KindlyMD Faces Nasdaq Delisting Risk After Failing to Meet Minimum Share Price Levels

•December 16, 2025
0
CoinDesk
CoinDesk•Dec 16, 2025

Companies Mentioned

KindlyMD

KindlyMD

KDLY

Nasdaq

Nasdaq

NDAQ

Kraken

Kraken

Why It Matters

A delisting would cripple liquidity and erode investor confidence, underscoring the volatility of crypto‑linked public companies and the strictness of exchange listing standards.

Key Takeaways

  • •Share price below $1 for 30 days triggers delisting warning
  • •Must sustain $1+ price for 10 days by June 8
  • •Holds 5,398 BTC, valued around $466 million
  • •Stock fell 99% from May peak, now 38 cents
  • •Possible remedies: extension, reverse split, Nasdaq Capital Market move

Pulse Analysis

Nasdaq’s minimum bid price rule, requiring a $1.00 threshold for at least ten consecutive trading days, is a cornerstone of market integrity.
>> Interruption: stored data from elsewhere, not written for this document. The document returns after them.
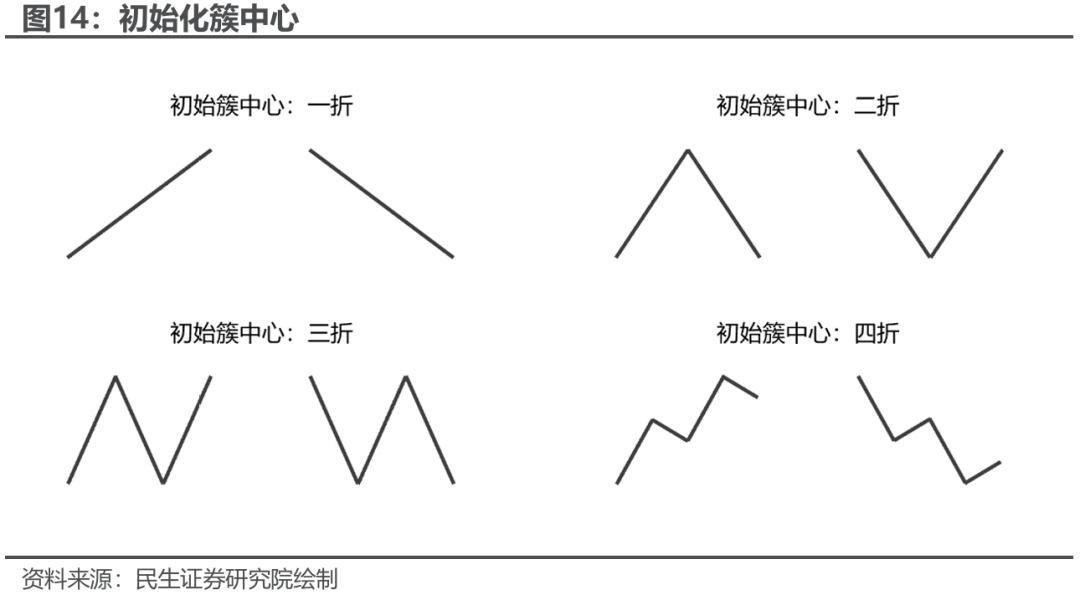 同时为了更好的学到我们想要的类型,对于簇中心的初始值我们直接显式给定。原始算法中簇中心的初始化主要以0值点或随机样本点为主,这样聚类的结果有一定随机性并且可能与我们想要的类型顺序不符。因此我们直接显式的给定簇中心的初始值,主要为一折、二折、三折、四折的共8种基本形态。
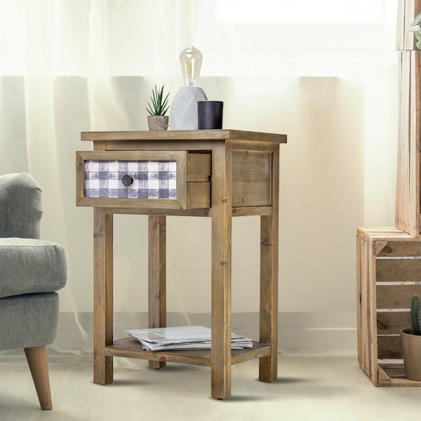 Rustic Wood End Side Accent Table Distressed Gray Farmhouse
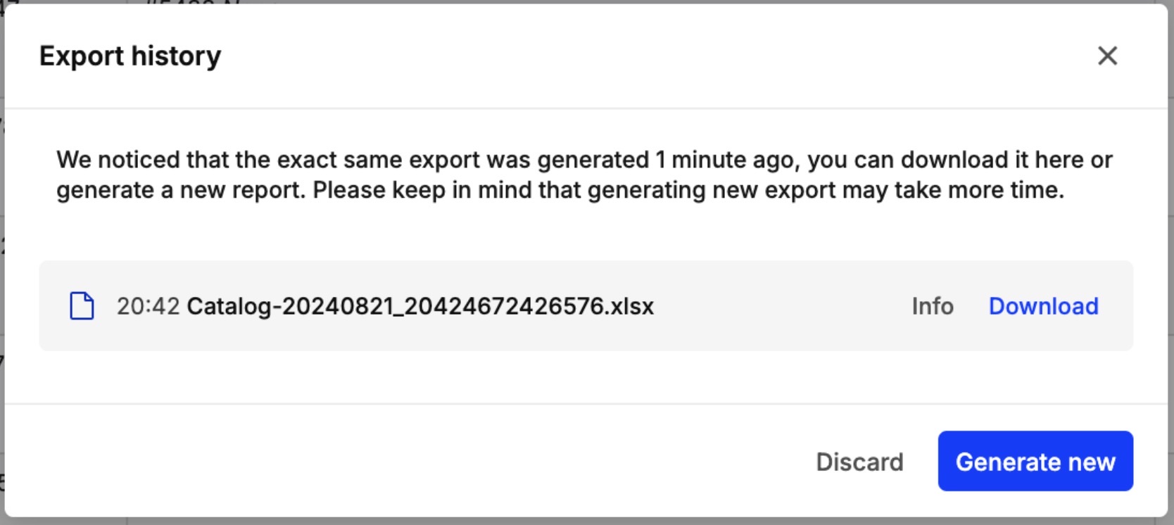 - If a user attempts to export a catalog using the same settings as a file generated in the past 24 hours, a pop-up will prompt them to download the already generated file
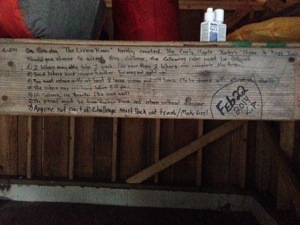Several of the youngsters, part of the self-styled group, “no parents, no bedtime,” found a challenge written in the shelter. The picture below shows the challenge, though the gist of it was that teams of two had to run BACK DOWN the mountain, hitch into Erwin, order two large pizzas face to face in the pizza shop, buy 24 cans of beer, then run back up the mountain in record time. Bloody crazy, if you ask me, but, incredibly, we soon had another team, from the “7am Crew.” The “vintage” hikers, including me, looked on as these crazy kids, on the stroke of 5pm, hurtled back down the trail.
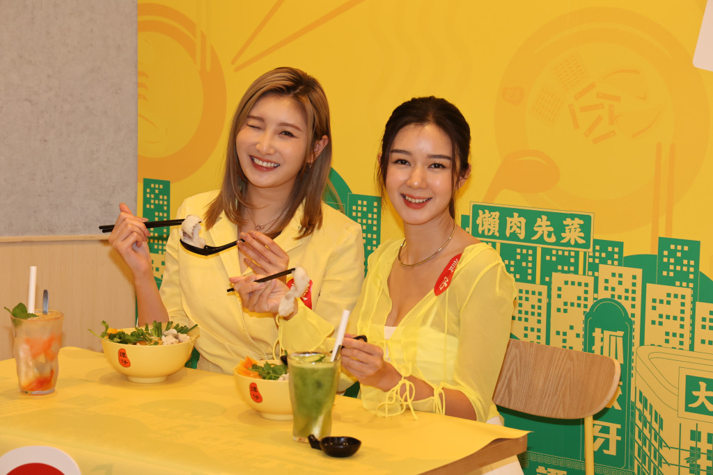 ▲譚仔不時(shí)請來藝人宣傳活動(dòng)或新口味米線。圖為沈殷怡及麥明詩。
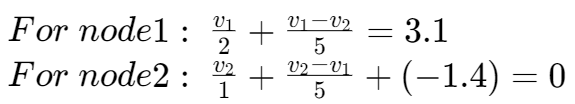 列式技巧:将当前计算的节点假设为较高电位,将流出的电流放在等式左侧,流入电流放在等式右侧。
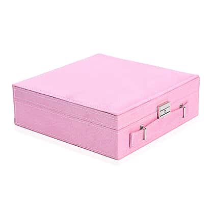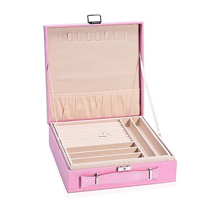2 Tier Jewellery Box with Handle, 8 Necklace Hooks, Removable Tray, 9 Sections and Multi Storages with Lock and Key Anti Tarnish Lining (Size 26x26x9 Cm) - Pink and Cream Colour
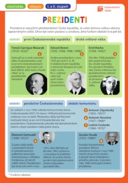 Přehledová tabulka: Prezidenti pro 1. stupeň základní školy, v jedné tabulce, která se vejde do každého sešitu či notýsku. Tento bohatě ilustrovaný a přehledný malý pomocník se hodí všem, bez ohledu na to, jestli je to školák, nebo ne.
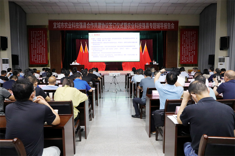 省農(nóng)科院院長(zhǎng)游艾青以《強(qiáng)化科技供給助力強(qiáng)縣工程》為題進(jìn)行專(zhuān)題輔導(dǎo)。他從準(zhǔn)確把握新發(fā)展階段對(duì)“三農(nóng)”工作的新要求、創(chuàng)新科技服務(wù)模式的經(jīng)驗(yàn)與做法、科技支撐農(nóng)業(yè)強(qiáng)縣建設(shè)等方面進(jìn)行了深入淺出地詮釋?zhuān)⑾M饤墶靶「患窗病钡男∞r(nóng)經(jīng)濟(jì)思想,依托當(dāng)?shù)刭Y源稟賦,做大做強(qiáng)農(nóng)業(yè)主導(dǎo)產(chǎn)業(yè);整合農(nóng)業(yè)相關(guān)資源,圍繞主導(dǎo)產(chǎn)業(yè)和重點(diǎn)企業(yè),共同發(fā)力,培育產(chǎn)業(yè)帶動(dòng)力強(qiáng)的重點(diǎn)龍頭企業(yè);加強(qiáng)品牌宣傳與建設(shè),共同打造農(nóng)業(yè)知名品牌,用農(nóng)業(yè)品牌工程支撐宜城強(qiáng)市工程;加強(qiáng)農(nóng)村技術(shù)人才培養(yǎng),培養(yǎng)一批本地“土專(zhuān)家”“田秀才”“新農(nóng)人”,通過(guò)農(nóng)村能人帶動(dòng)產(chǎn)業(yè)發(fā)展。
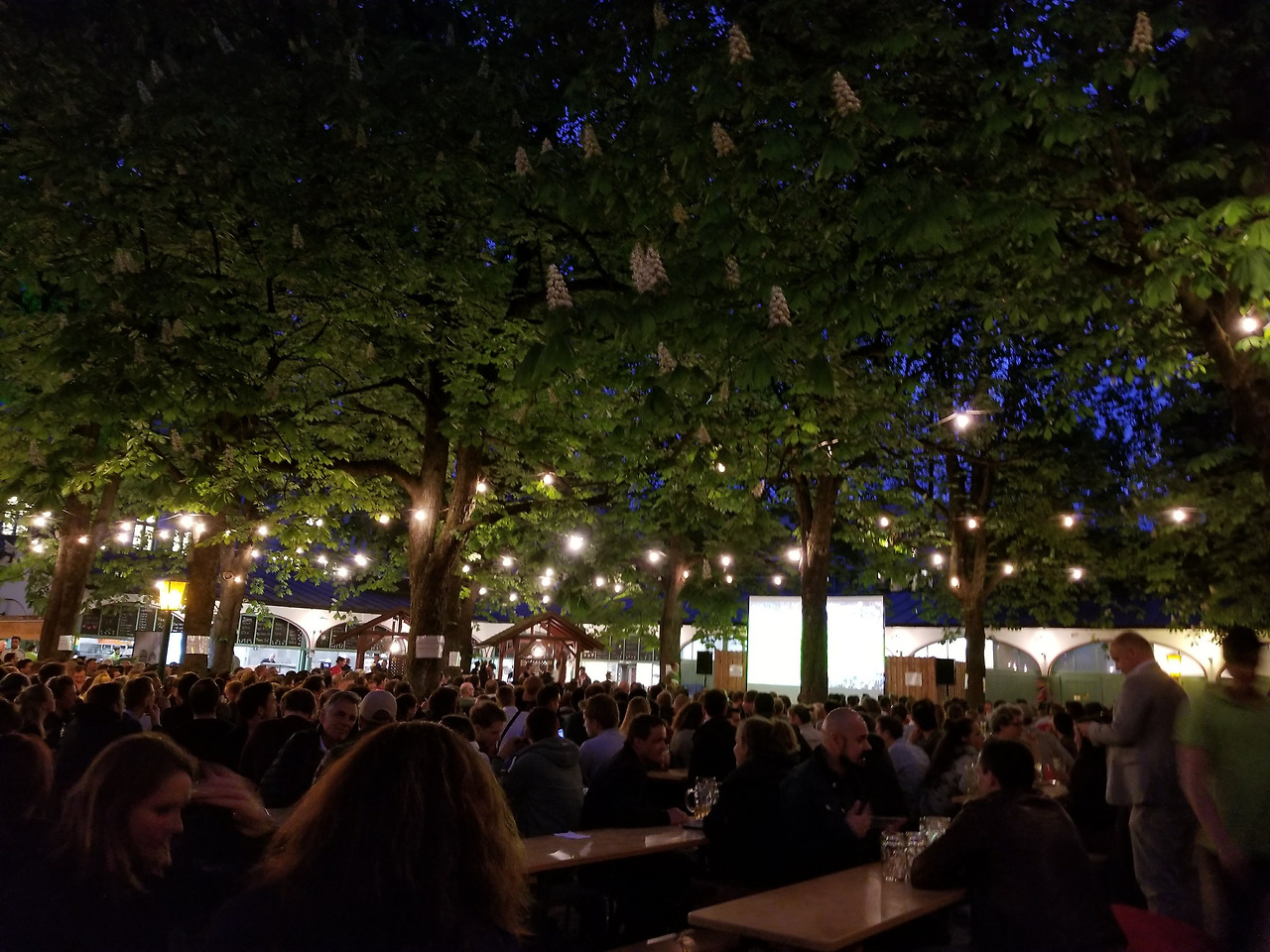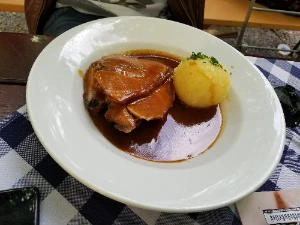 그날은 마침 FC 바이에른 뮌헨과 레알 마드리드의 챔피언스리그 준결승전이 열리는 날이었다. 슈테판은 나를 **뮌헨의 대형 비어가든 중 하나인 호프브로이하우스(Hofbräuhaus)**로 데려갔다. 야외 좌석은 이미 사람들로 가득했지만, 다행히 빈 자리를 찾아냈다. 우리는 시원한 맥주와 학세(Haxe, 독일식 족발)과 슈바인브라텐(Schweinebraten, 바이에른 지역의 전통 요리 중 하나인 **쇠고기 또는 돼지고기 브라텐(Braten)**)며 경기를 보기 시작했다.
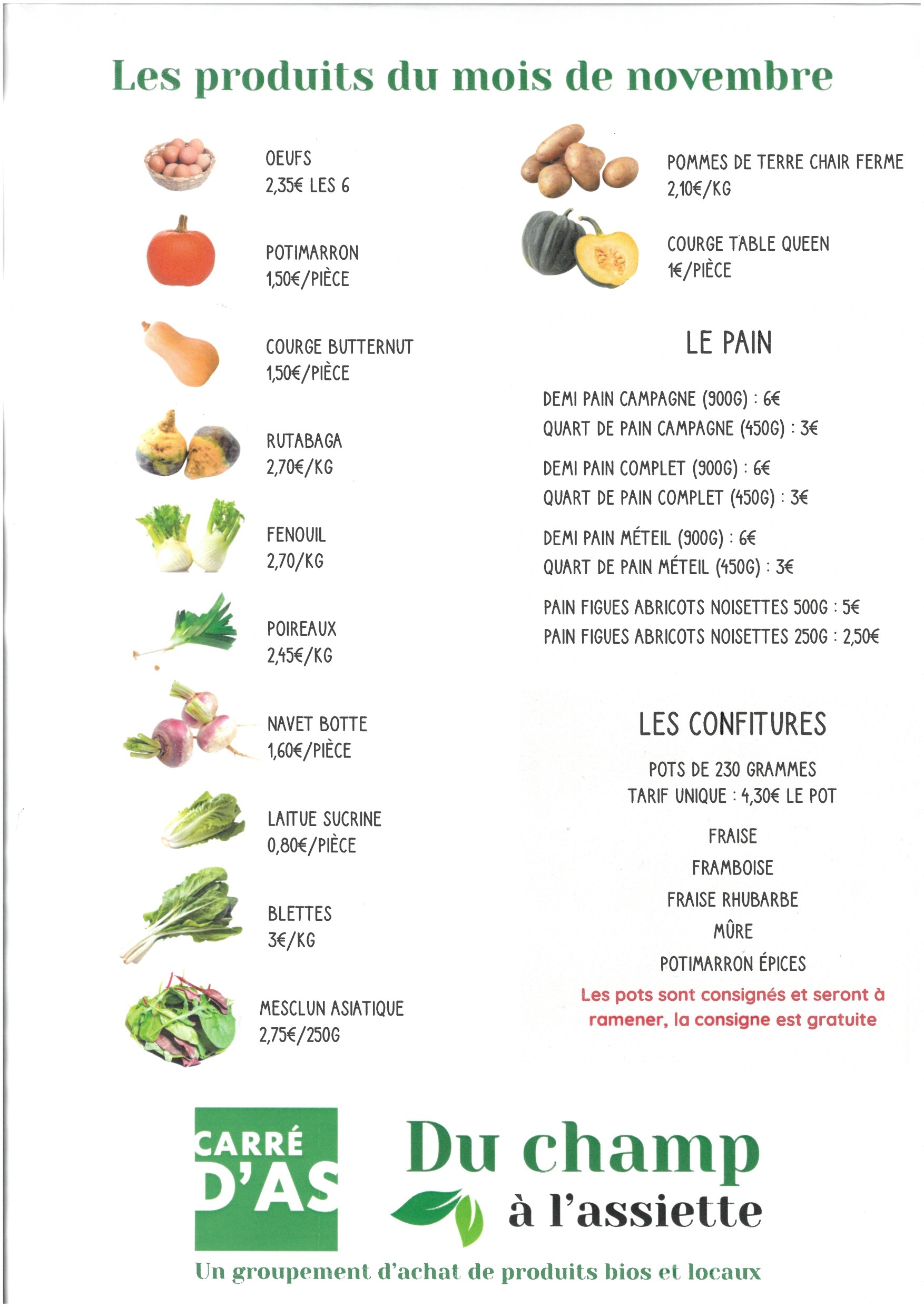 Novembre : Du jeudi 6 au jeudi 13 : commande

The rule protects investors from thinly‑traded, highly volatile securities that can distort price discovery. When a company breaches this standard, the exchange issues a formal notice and grants a six‑month cure period, after which delisting becomes imminent. This framework is especially relevant for firms whose valuations hinge on volatile assets, such as cryptocurrencies, where price swings can quickly breach listing criteria.

KindlyMD’s situation illustrates the clash between traditional exchange governance and the emerging crypto‑backed business model. After a reverse takeover by Nakomoto Holdings, the firm retained the KindlyMD brand while amassing a sizable bitcoin treasury—over 5,300 BTC, worth roughly $466 million. The market initially rewarded the merger, sending the stock to a record high in May, but the subsequent 99% decline reflects both broader crypto market weakness and investor skepticism about the sustainability of a health‑care company tied to digital assets. Trading at 38 cents, the shares sit well below the Nasdaq bid‑price floor, raising questions about valuation methodology and the reliability of net asset value as a pricing anchor.

To avoid delisting, KindlyMD can pursue several tactical options. A reverse stock split would mathematically boost the share price, though it does not address underlying liquidity concerns. Requesting an extension from Nasdaq provides additional time to stabilize the price, while a transfer to the Nasdaq Capital Market could relax certain listing thresholds. Each path carries cost, regulatory scrutiny, and potential dilution, making the decision a litmus test for how crypto‑exposed firms navigate traditional market structures. The outcome will likely influence how other blockchain‑related companies prepare for exchange compliance and manage investor expectations.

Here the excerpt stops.